New paper accepted! (12.04.16)
- Germar, M., Albrecht, T., Voss, A., & Mojzisch, A. (in press). Social Conformity is due to Biased Stimulus Processing: Electrophysiological and Diffusion Analyses. Social Cognitive and Affective Neuroscience. [pdf]
Abstract: Hundreds of studies have found that humans' decisions are strongly influenced by the opinions of others, even when making simple perceptual decisions. In the present study, we aimed to clarify whether this effect can be explained by social influence biasing (early) perceptual processes. We employed stimulus evoked potentials (SEPs), lateralized readiness potentials (LRPs) and a diffusion model analysis of reaction time data to uncover the neurocognitive processes underlying social conformity in perceptual decision-making. The diffusion model analysis showed that social conformity was due to a biased uptake of stimulus information and accompanied by more careful stimulus processing. As indicated by larger N1- amplitudes, social influence increased early attentional resources for stimulus identification and discrimination. Furthermore, LRP analyses revealed that stimulus processing was biased even in cases of non-conformity. In conclusion, our results suggest that the opinion of others can cause individuals to selectively process stimulus information supporting this opinion, thereby inducing social conformity. This effect is present even when individuals do not blindly follow the majority but rather carefully process stimulus information.
New paper accepted! (05.01.16)
- Bowen, H., Spaniol, J., Patel, R., & Voss, A. (in press). A Diffusion Model Analysis of Decision Biases Affecting Delayed Recognition of Emotional Stimuli. PLOS ONE.[pdf]

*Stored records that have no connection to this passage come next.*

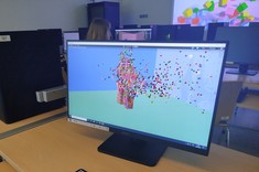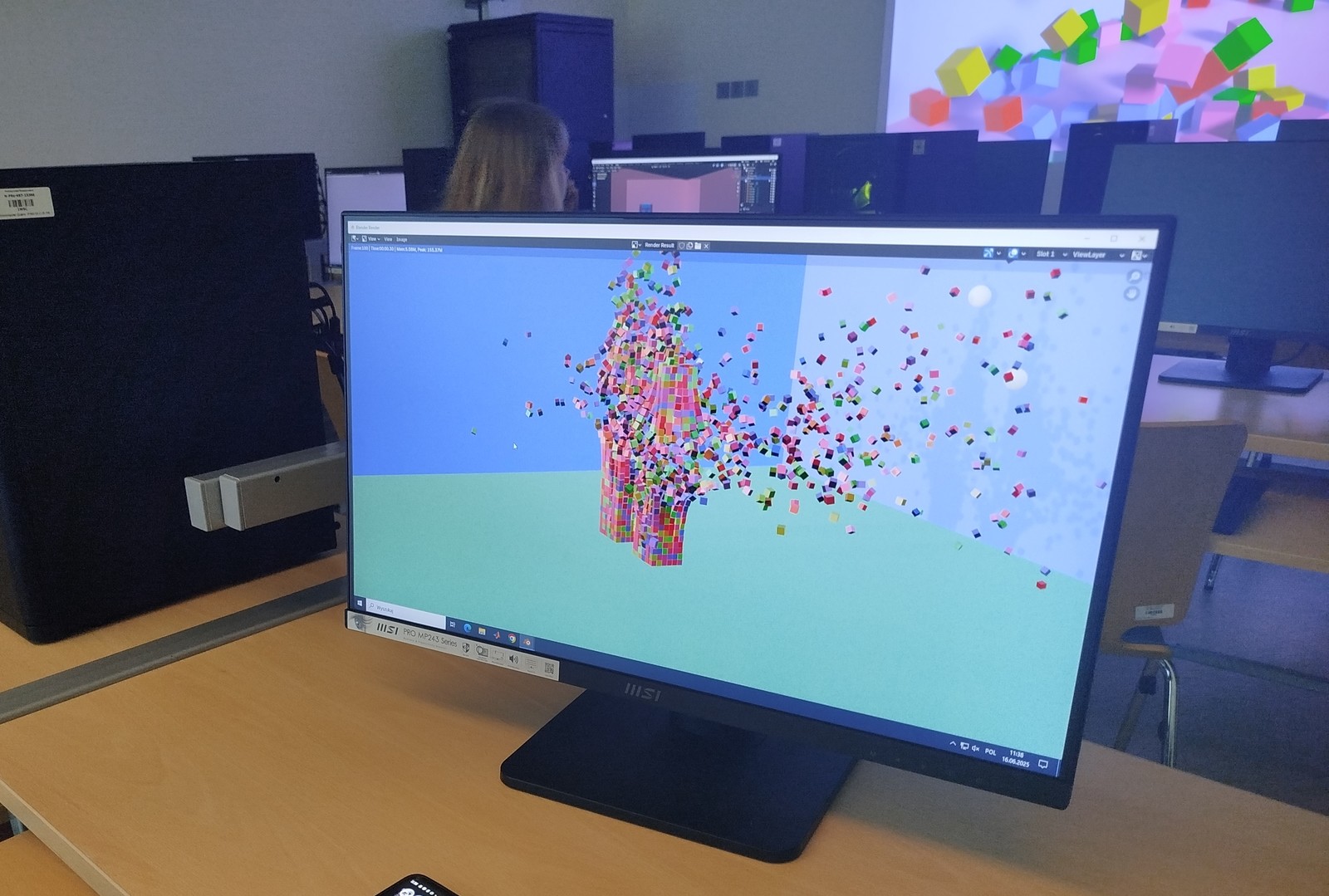 Pierwsze z zajęć, „Animacja i symulacja w Blenderze”, prowadzone przez dr inż. Wiktorię Wojnarowską, wprowadziły uczestników w świat grafiki komputerowej i animacji 3D. Uczniowie poznali podstawy działania silnika fizyki typu Rigid Body w środowisku Blender i stworzyli dynamiczną scenę burzenia wieży z kostek przez rozpędzoną kulę.
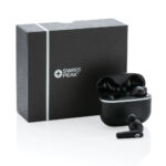 New generation true wireless earbuds. The earbuds and charging case are made with RCS (Recycled Claim Standard) certified recycled ABS. Total recycled content: 59% based on total item weight. RCS certification ensures a completely certified supply chain of the recycled materials. The earbuds come in a compact 400 mAh charging case that allows you to charge and take your earbuds wherever you go. The earbuds use BT 5.3 for automatic pairing without any hassle and with a stable connection. The earbuds have a 40 mAh battery that allows a play time of up to 4 hours and can be re-charged in 1.5 hours in the charging case. The wireless distance range is up to 10 metres. Including type C charging cable made from GRS certified recycled TPE. Packed in FSC® mix gift box. Item and accessories 100% PVC free
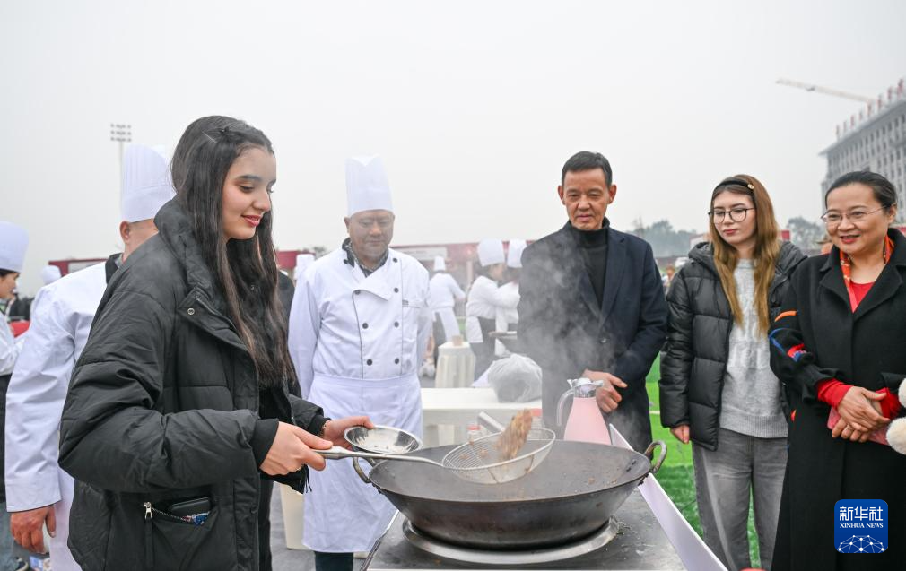 12月30日,参赛选手现场烹制当地特色美食。新华社记者 陈诚 摄
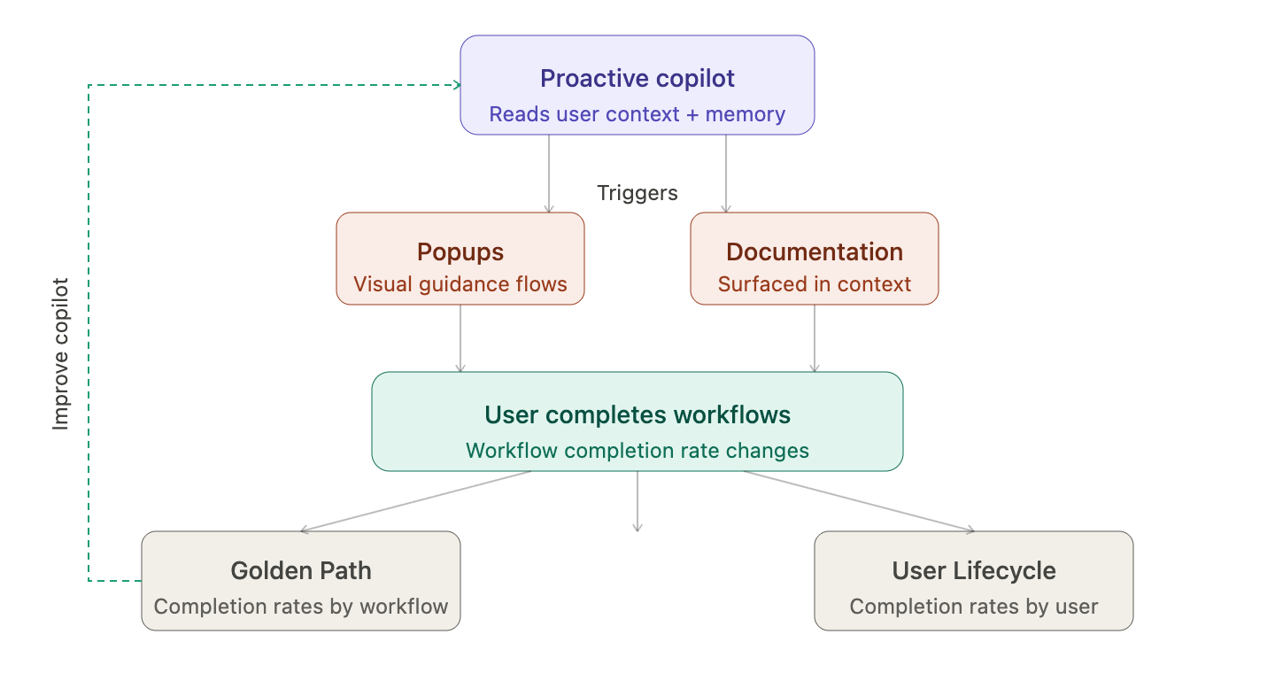 Building a copilot is only half the job — you need to know if it's actually working and improving adoption among your users. In this system, your documentation and popups are the outputs your copilot triggers. Evaluation means making sure those outputs are always accurate, timely, and relevant to each user.
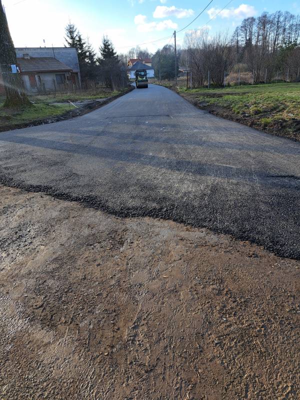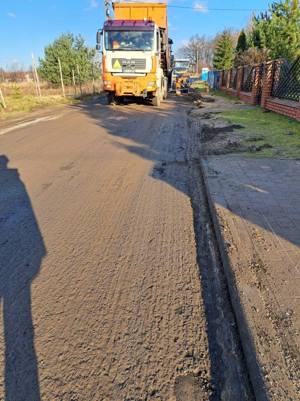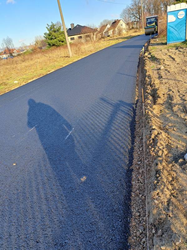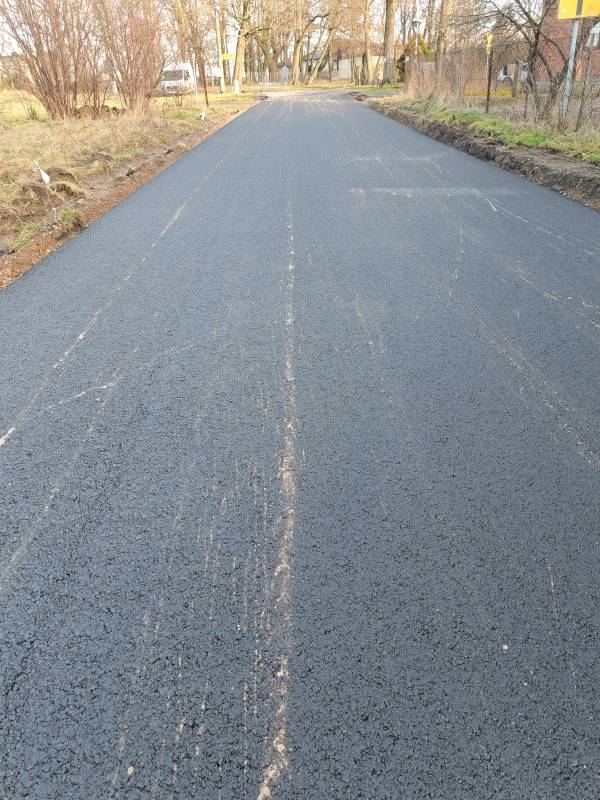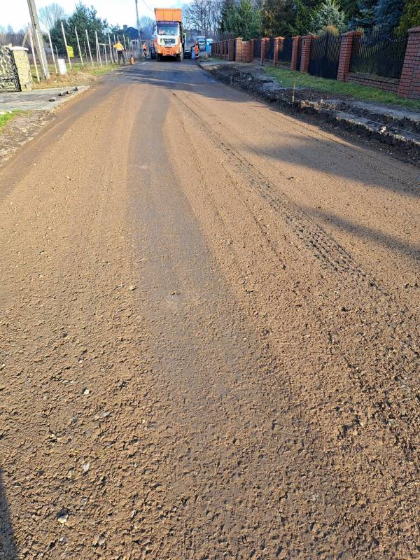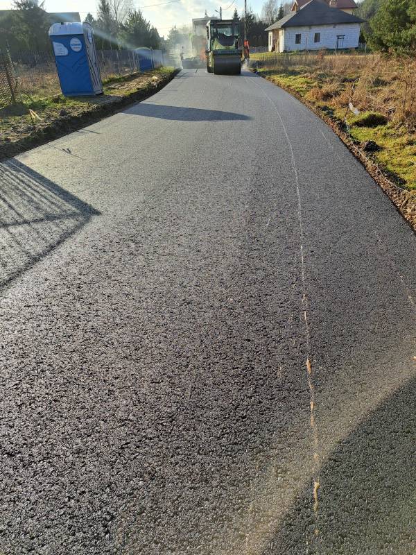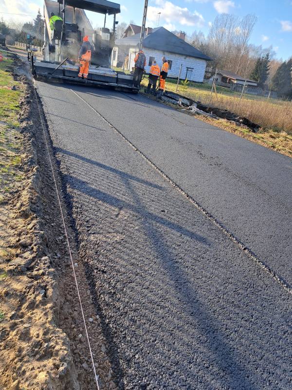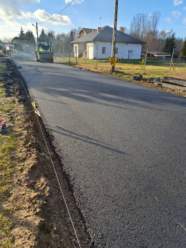 Zakończyły są roboty w zakresie dolnej warstwy wiążącej z mieszkanki asfaltowej. Do wykonania pozostało wykonanie górnej warstwy ścieralnej, regulacja wysokościowa zjazdów i studzienek oraz pobocza.
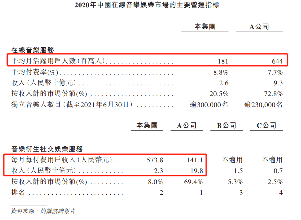在线音乐服务市场:整个市场上,在线音乐服务基本上就是网易云和腾讯音乐(以下简称“网易”和“腾讯”)垄断93%以上的份额。A公司就是腾讯音乐,对比一下腾讯音乐和网易云音乐,我们可以发现的是,腾讯音乐的体量是远远超过网易云音乐的,2020年拥有6.44亿人,网易云音乐拥有1.81亿,体量上,差了4.63亿人。但是如果从付费率的角度上来说,网易要比腾讯好。

Abstract: Previous empirical work suggests that emotion can influence accuracy and cognitive biases underlying recognition memory, depending on the experimental conditions. The current study examines the effects of arousal and valence on delayed recognition memory using the diffusion model which allows the separation of two decision biases thought to underlie memory: response bias and memory bias. Memory bias has not been given much attention in the literature but can provide insight into the retrieval dynamics of emotion modulated memory. Participants viewed emotional pictorial stimuli; half were given a recognition test 1-day later and the other half 7-days later. Analyses revealed that emotional valence generally evokes liberal responding, whereas high arousal evokes liberal responding only at a short retention interval. The memory bias analyses indicated that participants experienced greater familiarity with high-arousal compared to low-arousal items and this pattern became more pronounced as study-test lag increased; positive items evoke greater familiarity compared to negative and this pattern remained stable across retention interval. The findings provide insight into the separate contributions of valence and arousal to the cognitive mechanisms underlying delayed emotion modulated memory.